## Work instruction
From top to bottom, print the listing word for word and skip any pictures it contains.

Content starts

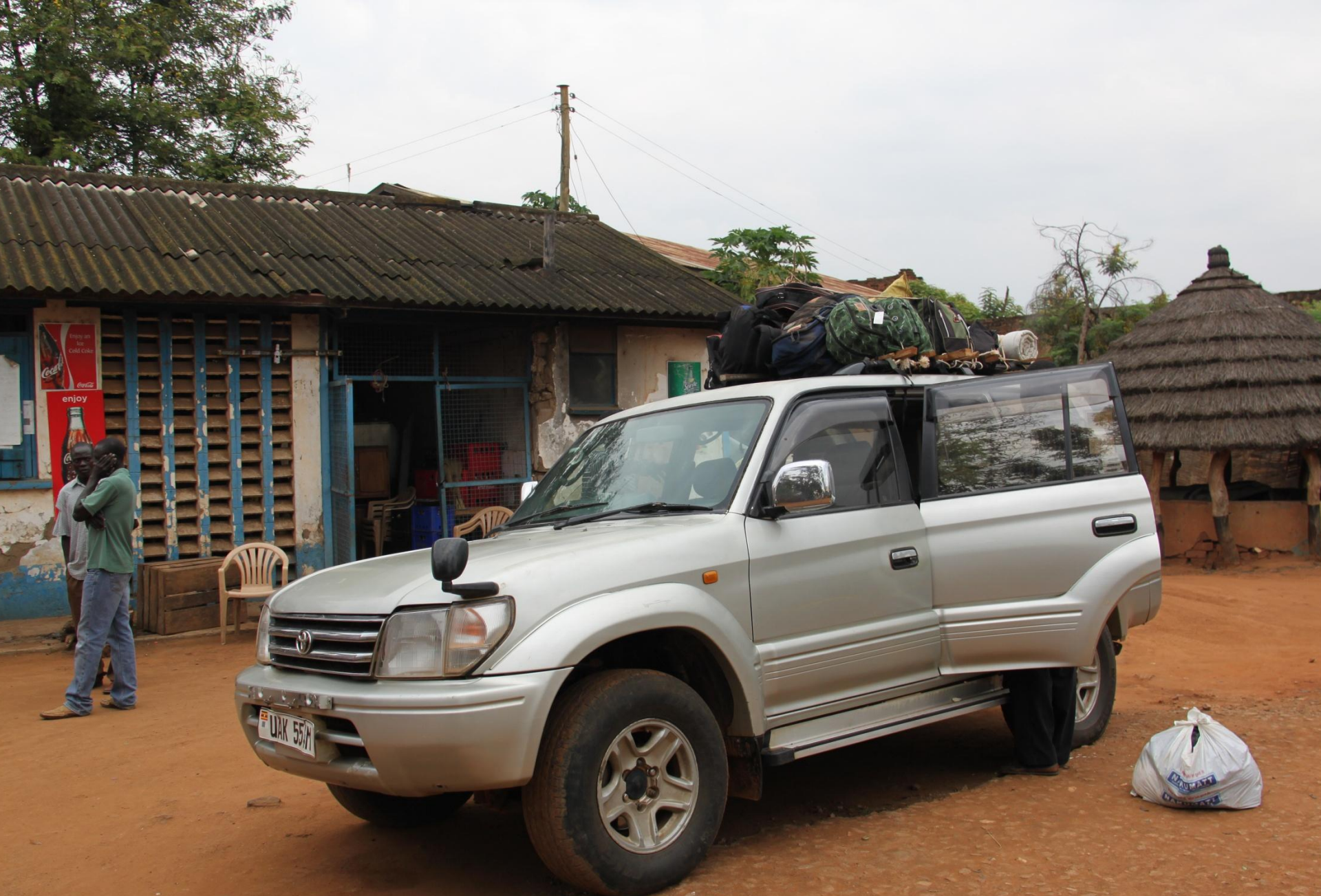
... and six vehicles ... (btw: in this one fitted 11 adults, 4 kids and one chicken)
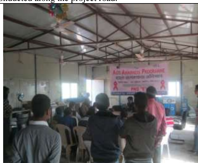
HIV/AIDS awareness program conducted at construction camp.
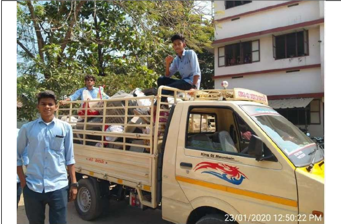
Awareness class on waste disposal for sustainable environment with games and refreshments to students of MIT UP School.
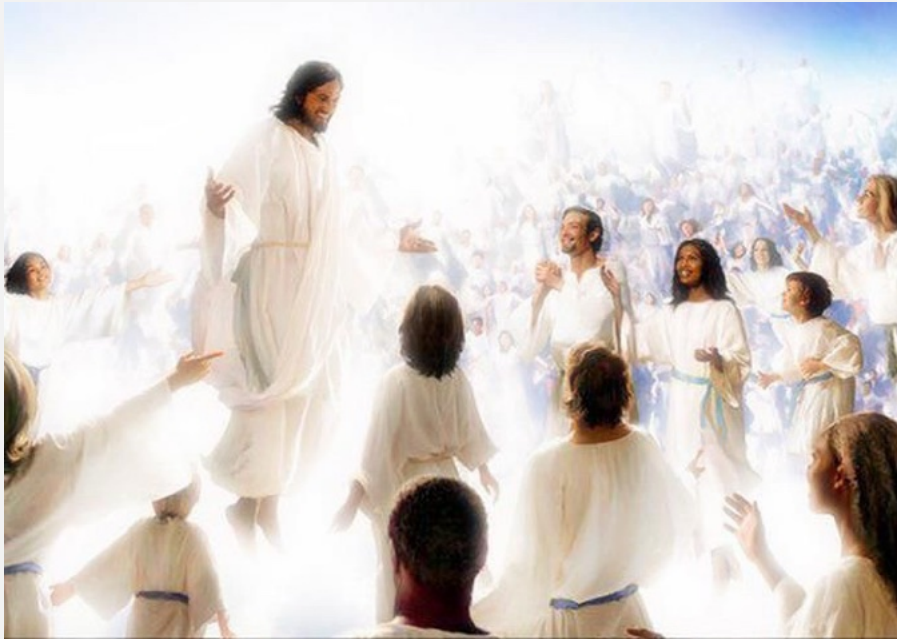
ADOPTED SONS OF GOD (GA 4:1-7)
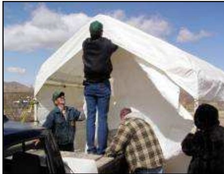
It really tok on the appearance of a little village. The men are putting up the food tent.
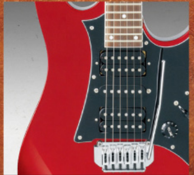
CA (Candy Apple)
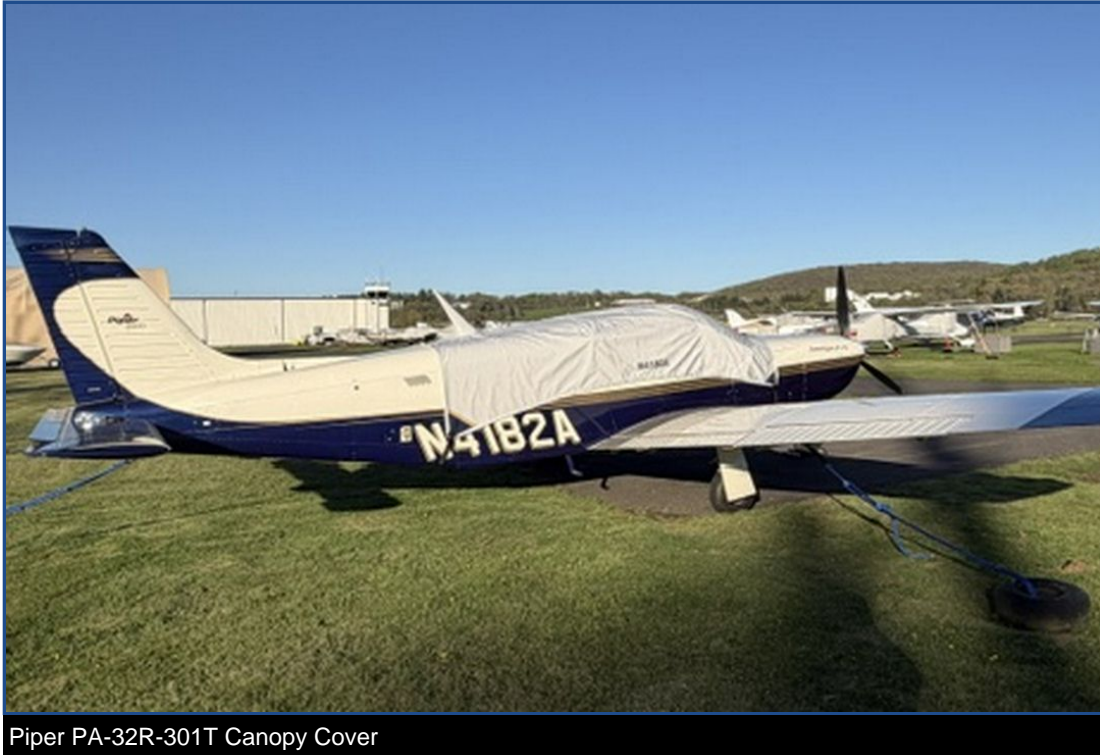
Piper PA-32R-301T Canopy Cover
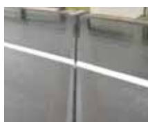
Single gap joints
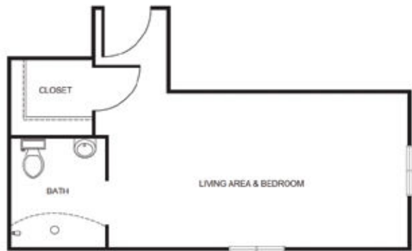
Private Room B starting at ..... $5,975
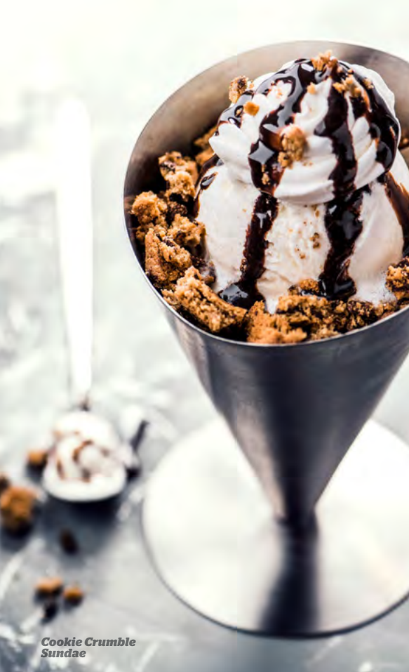
Cookie Crumble Sundae
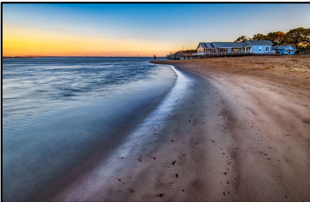
The Heads – Annette Collins

The definition for 'Afloat' is pretty straightforward – "Show me anything from an ice cube to an oil tanker as long as it is afloat".

Content ends

## Task output
... and six vehicles ... (btw: in this one fitted 11 adults, 4 kids and one chicken)
HIV/AIDS awareness program conducted at construction camp.
Awareness class on waste disposal for sustainable environment with games and refreshments to students of MIT UP School.
ADOPTED SONS OF GOD (GA 4:1-7)
It really tok on the appearance of a little village. The men are putting up the food tent.
CA (Candy Apple)
Piper PA-32R-301T Canopy Cover
Single gap joints
Private Room B starting at ..... $5,975
Cookie Crumble Sundae
The Heads – Annette Collins

The definition for 'Afloat' is pretty straightforward – "Show me anything from an ice cube to an oil tanker as long as it is afloat".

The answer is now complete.